The critically important role of health care workers has never been more apparent than now as we enter a second winter with COVID-19. Minnesota’s nursing assistants, RNs, respiratory therapists and many others have saved thousands of lives during the pandemic. They need more Minnesotans to join them in this noble and lifesaving work. That’s why Governor Walz has proclaimed January as Health Care Month.
“There are tens of thousands of open health care positions throughout Minnesota – at every level, in every setting and in every part of the state,” said Minnesota Department of Employment and Economic Development (DEED) Commissioner Steve Grove. “Caring people are needed now more than ever to make a difference in the lives of others – and get started on a fulfilling, in-demand career path.”
“COVID-19 is increasing the need for health care workers and worsening existing staff shortages in some settings,” said Minnesota Department of Human Services (DHS) Commissioner Jodi Harpstead. “We need people who want to help out during this extraordinary time to join their fellow Minnesotans by working in health care now.”
“The pandemic has highlighted the critical role health care workers play in our community as they care for us and our loved ones during the most difficult times. Health care workers in acute care and long-term care settings have been some of our biggest heroes over the last two years,” said Minnesota Department of Health (MDH) Commissioner Jan Malcolm. “We continue to work with employers and partners to support training of health care workers to fill these critical roles.”

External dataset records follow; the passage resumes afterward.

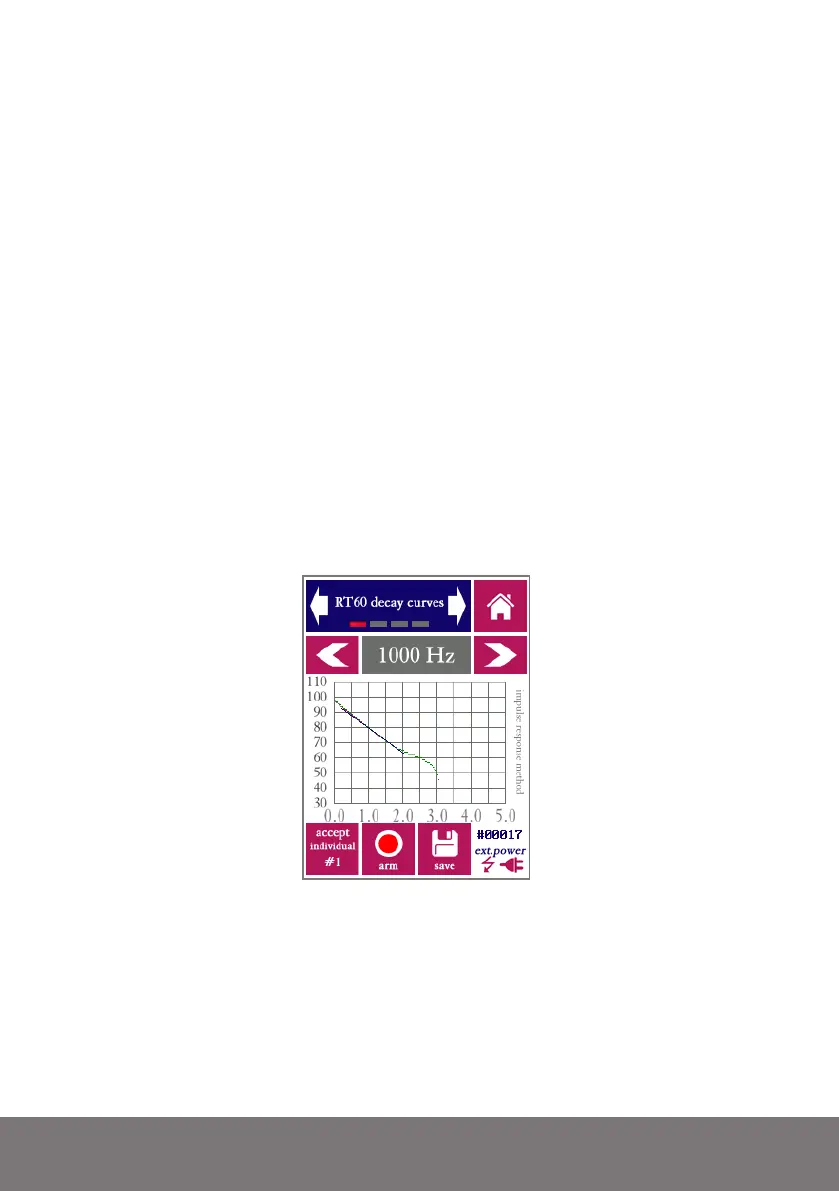 RT60 decay curves plotted once the measurement is completed (impulse response method)
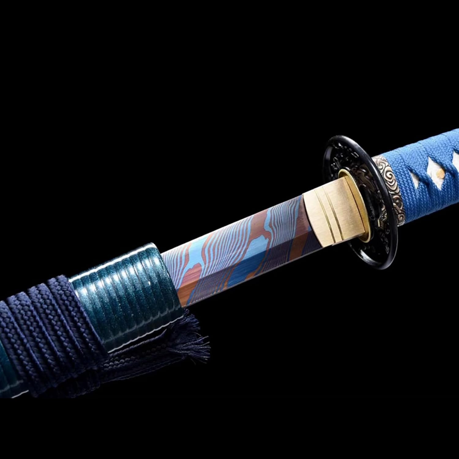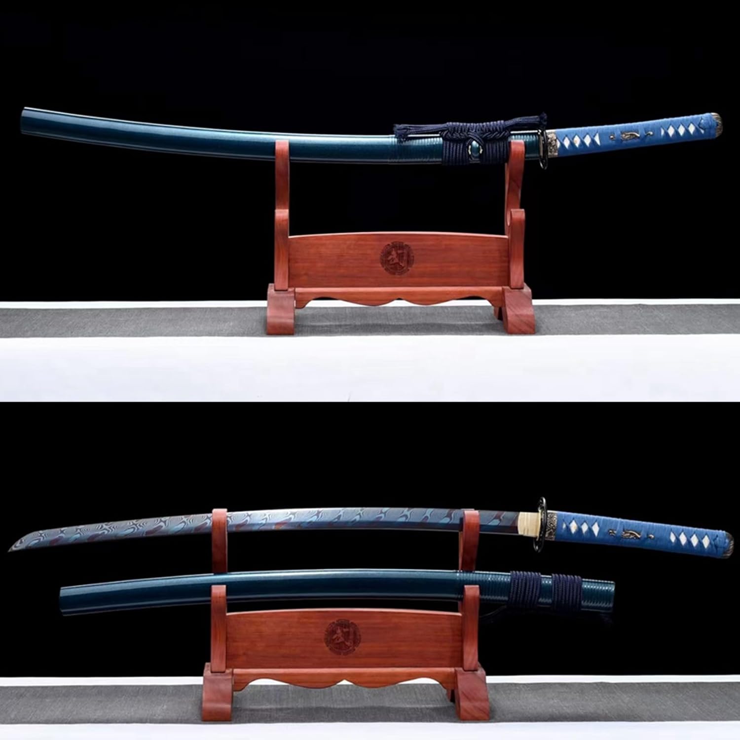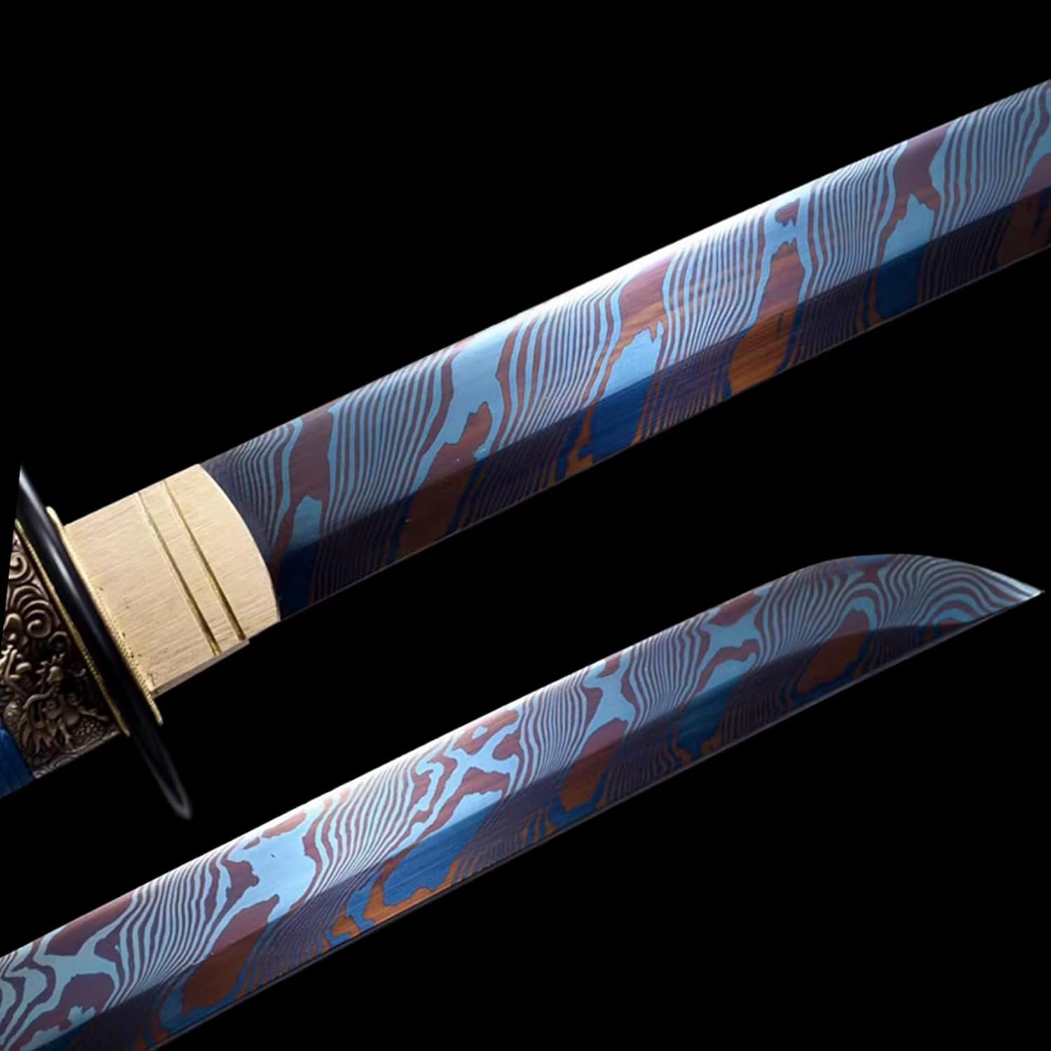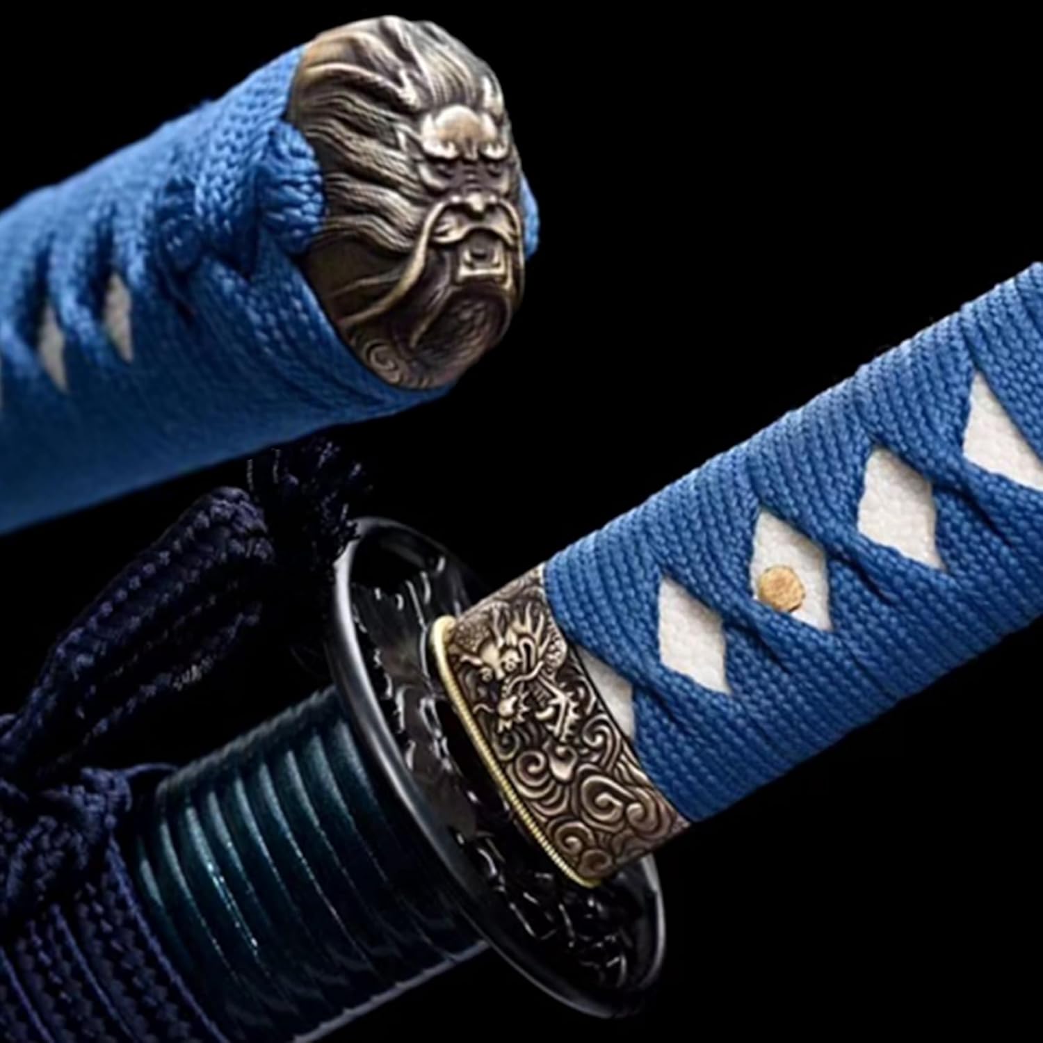 【Buona Materia】: questa katana è realizzata in acciaio dal modello centinaia di volte raffinato con una lama sfumata blu grigliata, che ha elevata durezza e tenacità. Il paramano è realizzato in ferro con intagli squisiti e il fodero è un fodero in legno massello mezzo rattan dipinto con vernice blu glitterata. Katana di alta qualità realizzata con i migliori materiali. 【Eccellente sensazione alla mano】: il manico è realizzato in pelle di pesce perla e corda avvolta a mano, che fornisce una presa migliore. Perfetta combinazione di eleganza e potenza, questa katana è progettata pensando all'equilibrio e alla praticità, consentendo all'utente di padroneggiarla facilmente ed esercitare la massima forza, soddisfacendo sia gli appassionati che i collezionisti di arti marziali. 【Lama fatta a mano】 La lama di questa spada è forgiata a mano, mostrando una lavorazione squisita che non ha eguali nel settore. La sua lama affilata taglia l'aria senza sforzo, rendendola ideale per la pratica della spada o l'allenamento nelle arti marziali. La lama affilata con la sua luce fredda è molto interessante per tagliare e pugnalare. 【Artigianato straordinario】 Numerosi trattamenti termici e processi di tempra assicurano che la lama sia robusta, durevole e resistente alla corrosione. Sia per l'uso quotidiano che per la raccolta a lungo termine, può mantenere la sua qualità e lucentezza originali. Con squisita fattura, pregevole fattura e bella forma, è una bellissima opera d'arte. Che si tratti di collezionare, giocare, fare regali o divertirsi, è la felicità di un uomo! 【Patrimonio culturale】 La katana non è solo un'arma o un'opera d'arte, ma porta anche una ricca connotazione culturale giapponese. Rappresenta lo spirito di coraggio, lealtà e onore dei guerrieri giapponesi ed è una parte importante della cultura giapponese. Possedere una spada da samurai è come possedere un pezzo di storia e patrimonio.
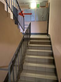 1-ый этаж, чистая лестничная площадка, лифта нет, тихо, установлена тамбурная дверь на 4 однокомнатные квартиры (см. фото)
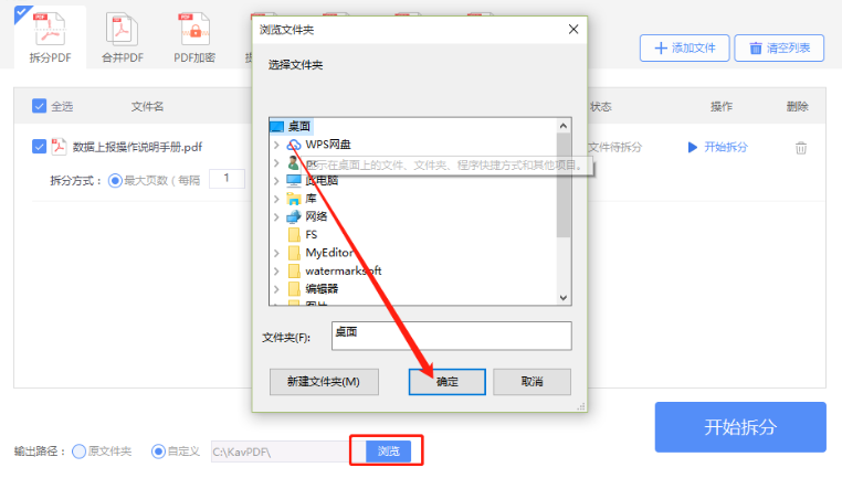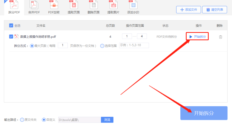 6.设置好输出路径之后,我们点击文件右边的开始拆分按钮或者是界面右下角的开始拆分按钮都可以开始拆分文件的操作。

“We need to ensure that our students know about the many career pathways that exist within the health care profession, and how each of these pathways can intersect with other areas of career interest,” said Minnesota Department of Education (MDE) Commissioner Dr. Heather Mueller. “High school students age 15 and older have an opportunity to earn while they learn by engaging in training that allows them to be hired into age-appropriate health care employment.”
“Providing training opportunities for students and others who want to enter a health care career is critically important,” said Minnesota Office of Higher Education (OHE) Commissioner Dennis Olson. “Our training pipelines have been disrupted by the pandemic and that means we’re reaching out in new ways to prepare Minnesotans for critically needed positions. From free training for certified nursing assistants to our Minnesota Future Together grants creating tuition-free pathways for students pursuing education in high-need career areas at public institutions, we are making vital investments in the future health of our state.”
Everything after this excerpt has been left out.